2010年1月6日水曜日

学長の権限とリーダーシップの活かし方

昨日(12月5日)、山形大学の結城彰夫学長は、新年を迎えるに当たって、山形大学が取り組む課題や目標をまとめた行動計画である「結城プラン2010」を発表しました。

このプランは、結城学長の就任以来、今回で3回目の作成となるもので、就任時の公約である 1)何よりも学生を大切にして、学生が主役となる大学創りをする、2)教育、特に教養教育を充実させるという2つの基本方針を実現するためのマニフェストとして位置づけられ、毎年、達成状況を検証しながら、新たな課題を設定し実現していくことにより、山形大学の改革を計画的・継続的に進めていく羅針盤になるものです。

この結城学長マニフェストは、全教職員のほか在学生や新入生にも配布・共有されるとともに、大学のホームページを通じて社会にも公表されています。

結城プラン2010(山形大学ホームページ)
http://www.yamagata-u.ac.jp/jpn/university/pdf/yukiplan2010.pdf


法人化に伴い、国立大学の学長の権限が強化されました。国(文部科学省)が持っていた権限を含め多くの権限が学長に委譲され、学長のリーダーシップによる更なる大学改革、教育改革が求められるようになりました。

この学長が持つ権限がいかに強大かについては、法人の経営者たる理事長と教学部門の学長による分権によって機能している私立大学と比較すれば、自ずと明らかであり、一部には、権限の一極集中による専権的支配を心配する声があるほどです。

法人化前、国立大学の学長は、表向き大学の代表者という位置付けにありながら、実際には、教職員の人事や学内予算の編成といった重要事項に関する決定権はほとんどなく、実質的には、最高議決機関である評議会及びそれを支配する教授会が権限を持つという構造で意思決定が行われていました。

したがって、学長が、大学の発展に資する取り組みを何かやりたいと考えても、まずは学内の実力者である学部長や、文部科学省から送り込まれた事務局長の賛同を得ること、その上で、学部自治=教授会の運営に影響力のある教員たちに、周到な根回しなどをする必要がありました。

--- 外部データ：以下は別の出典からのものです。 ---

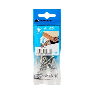 Wkręty Standers to niezawodne mocowanie dla różnych konstrukcji drewnianych. Wykonane ze stali nierdzewnej, gwarantują wysoką odporność na korozję, co sprawia, że doskonale nadają się zarówno do zastosowań wewnętrznych, jak i zewnętrznych. Płaski, stożkowy łeb pozwala na estetyczne zagłębienie w materiale, zapewniając gładką powierzchnię montażu. Dzięki systemowi Pozidriv (PZ) wkręty oferują pewny chwyt i lepszą kontrolę podczas wkręcania, co minimalizuje ryzyko ześlizgiwania się wkrętaka. Średnica 4 mm i długość 25 mm czynią je idealnym wyborem do solidniejszych połączeń, takich jak montaż desek, paneli czy elementów konstrukcyjnych.
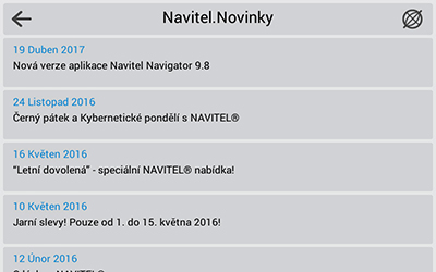 Prostřednictvím služby Navitel.Novinky budete dostávat důležité novinky o aktualizacích a program a upozornění na speciální nabídky a slevy.
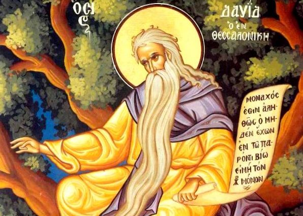 Овај блажени отац роди се на Истоку, и као пресјајна звезда засија на Западу. Он за младости напусти свет, сроднике, пријатеље и све богатство, и са љубављу пође за Господом својим. Силним уздржањем он покори телесне страсти, и јави се као неки анђео у телу. А беше осим уздржања још и веома смиреноуман. Читајући Свето Писмо и житија светих мужева он се труђаше да им подражава, а особито светим столпницима. Настанивши се близу града Солуна, он се подвизаваше на једном бадемовом дрвету седећи без ичега на његовим гранама. Ту он као милогласна птица, утешаваше корисним саветима све оне који прибегаваху њему. Његов ум беше устремљен свагда ка божанској висини, зато га Бог обогати даром чудотворства, и он постаде светозарни стуб Цркве, који својим чудесима просвећиваше све.

ところが法人化後はこれが大きく変わりました。「学長は大学を代表し、業務を総括する」こととなったのです。理事を含め他の職員は学長が任命する、学長の選考は、教授会でも評議会でもない、学外者が半数を占める学長選考会議が行うこととなりました。

しかし、残念ながら、現実は、「意向投票」という名の下で教員による選挙が行われ、その結果どおりの学長選考を行っている大学も未だに多数存在しています。学内の政治状況が選挙の行方を左右する悪弊から脱却できていない、脱却しようとすらしない結果、最も適切な人材が学長として選ばれていない、実質的な学内支配をもくろむ一部の野心的教員達が傀儡政権を作り、論功行賞による役員人事を断行するというおぞましい状況は、常識ある国民に対して到底説明のつく話ではありません。法律は、もう選挙は必要ないと言っているのですから。


冒頭にご紹介した山形大学の結城学長は、この日記でも何度かご紹介したことがありますが、文部科学事務次官の職を辞し学長候補者になることが明らかになったその時点から、天下りという一点で散々揶揄され続けました。

しかしどうでしょうか。誰よりも大学や学生を想う真摯な姿勢、大学の経営トップとしての目標を掲げこれを広く公表し、着実に実現していく力量は、多くの大学関係者が手本とすべき学長の権限とリーダーシップの活かし方なのではないでしょうか。